On the quality of ART1 text clustering

Abstract

There is a large and continually growing quantity of electronic text available, which contain essential human and organization knowledge. An important research endeavor is to study and develop better ways to access this knowledge. Text clustering is a popular approach to automatically organize textual document collections by topics to help users find the information they need. Adaptive Resonance Theory (ART) neural networks possess several interesting properties that make them appealing in the area of text clustering. Although ART has been used in several research works as a text clustering tool, the level of quality of the resulting document clusters has not been clearly established yet. In this paper, we present experimental results with binary ART that address this issue by determining how close clustering quality is to an upper bound on clustering quality.

Introduction

We consider the application of clustering to the selforganization of a textual document collection. Clustering is the operation by which similar objects are grouped together in an unsupervised manner (Jain et al., 1999, Kaufman and Rousseeuw, 1990). Hence, when clustering textual documents, one is hoping to form sets of documents with similar content. Instead of exploring the whole collection of documents, a user can then browse the resulting clusters to identify and retrieve relevant documents. As such, clustering provides a summarized view of the information space by grouping documents by topics. Clustering is often the only viable solution to organize large text collections into topics. The advantage of clustering is realized when a training set and classes definitions are unavailable, or when creating them is either cost prohibitive due to the collection shear size or unrealistic due to the rapidly changing nature of the collection.

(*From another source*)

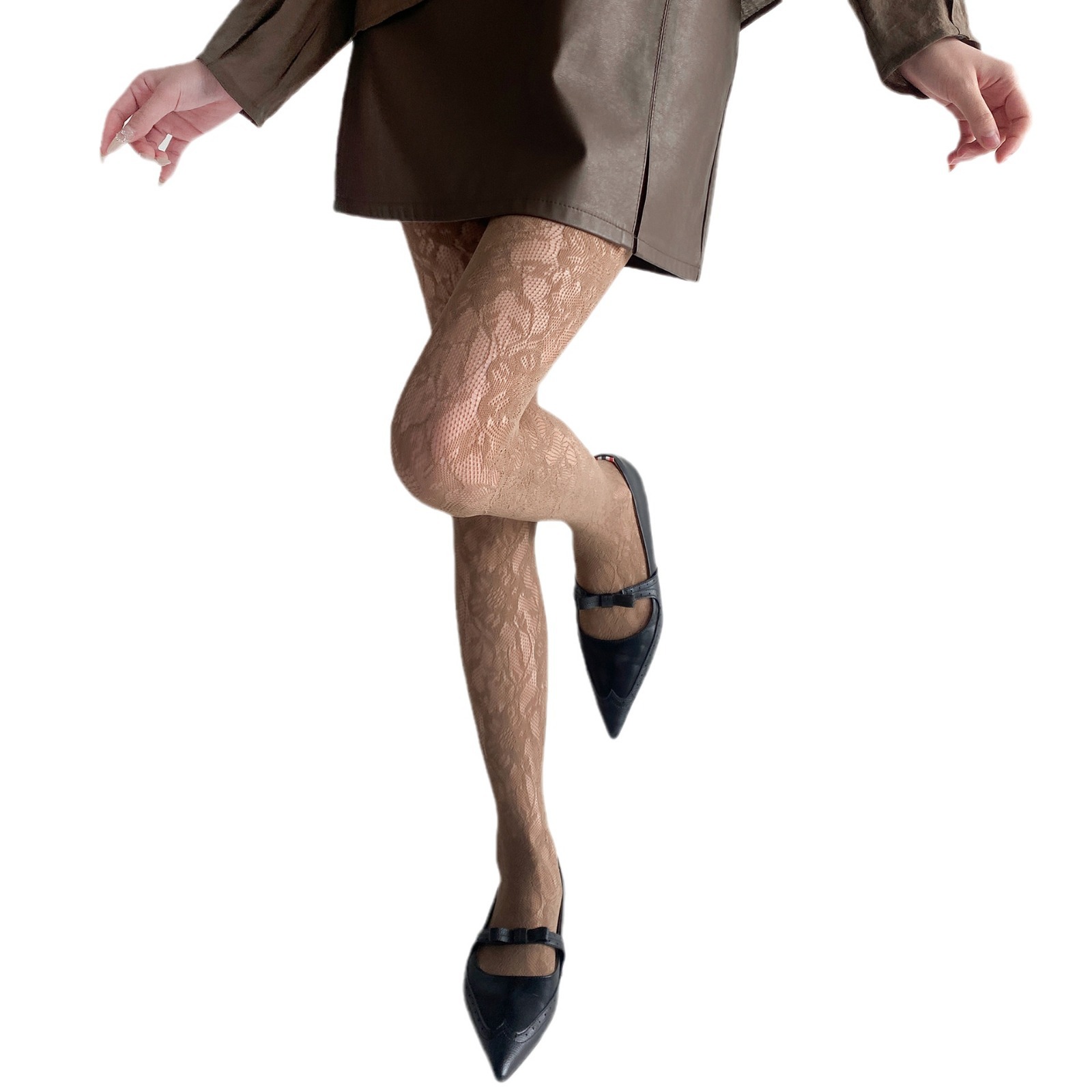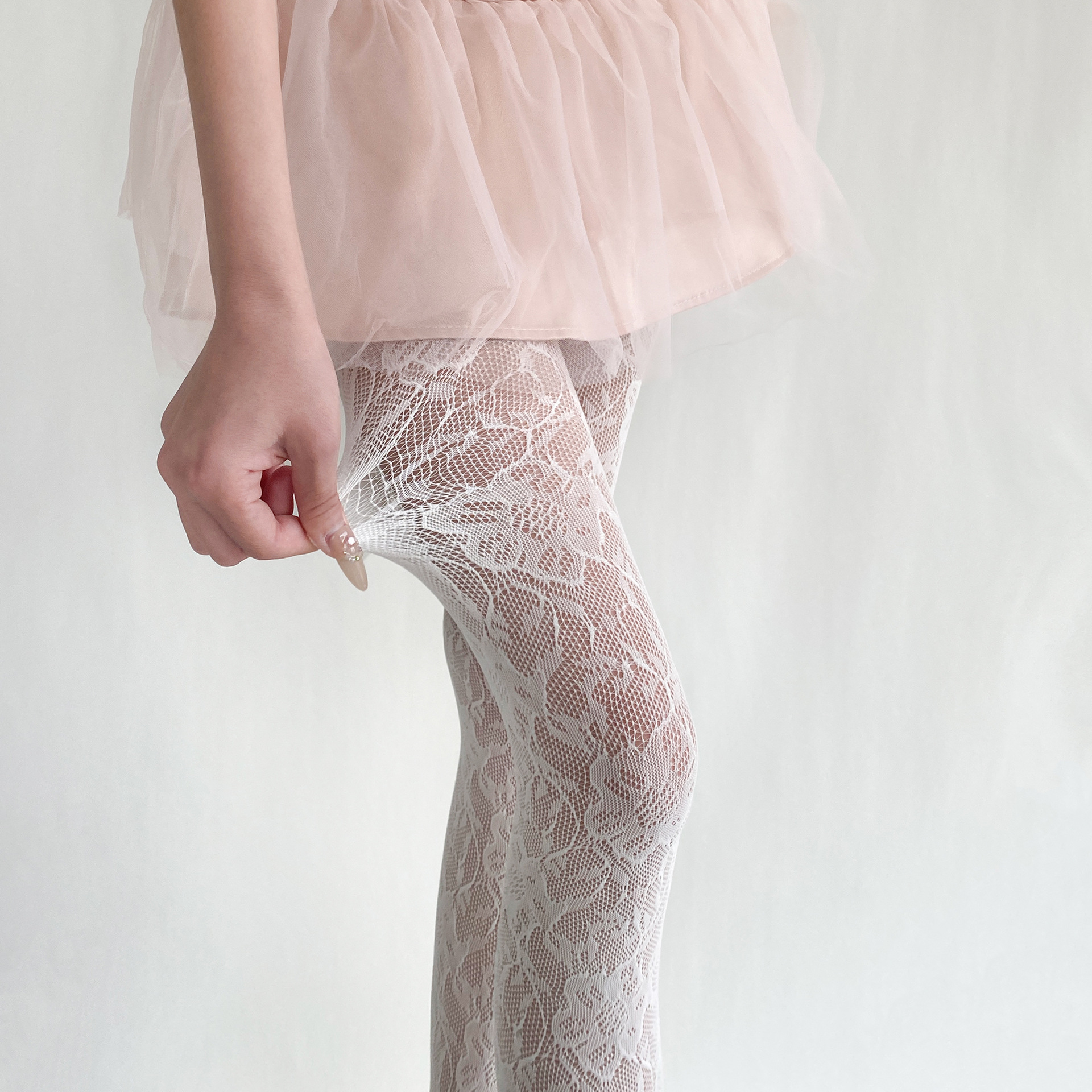 春夏新品复古蕾丝网袜女性感镂空花朵织花薄款暗黑纯欲白色连裤袜

We specifically study text clustering with Adaptive Resonance Theory (ART) (Carpenter and Grossberg, 1995, Grossberg, 1976) neural networks. ART neural networks are known for their ability to perform on-line and incremental clustering of dynamic datasets. Contrary to most other types of artificial neural networks such as the popular Back-propagation Multi-Layer Perceptron (MLP) (Rumelhart, Hinton, & Williams, 1986), ART is unsupervised and allows for plastic yet stable learning. ART detects similarities among data objects, typically data points in an N-dimensional metric space. When novelty is detected, ART adaptively and autonomously creates a new category. Another advantageous and distinguishing feature of ART is its ability to discover patterns at various levels of generality. This is achieved by setting the value of a parameter known as vigilance and denoted by ρ, ρ∈(0,1]. ART stability and plasticity properties as well as its ability to process dynamic data efficiently make it an attractive candidate for clustering large, rapidly changing text collections in real-life environments. Although ART has been investigated previously as a means of clustering text data, due to numerous variations in ART implementations, experimental data sets and quality evaluation methodologies, it is not clear whether ART performs well in this type of application. Since ART seems to be a logical and appealing solution to the rapidly growing amount of textual electronic information processed by organizations, it would be important to eliminate any confusion surrounding the quality of the text clusters it produces. In this paper, we present experimental results with a binary ART neural network (ART1) that address this issue by determining how close clustering quality achieved with ART is to an expected upper bound on clustering quality. We will consider other versions of ART in future work.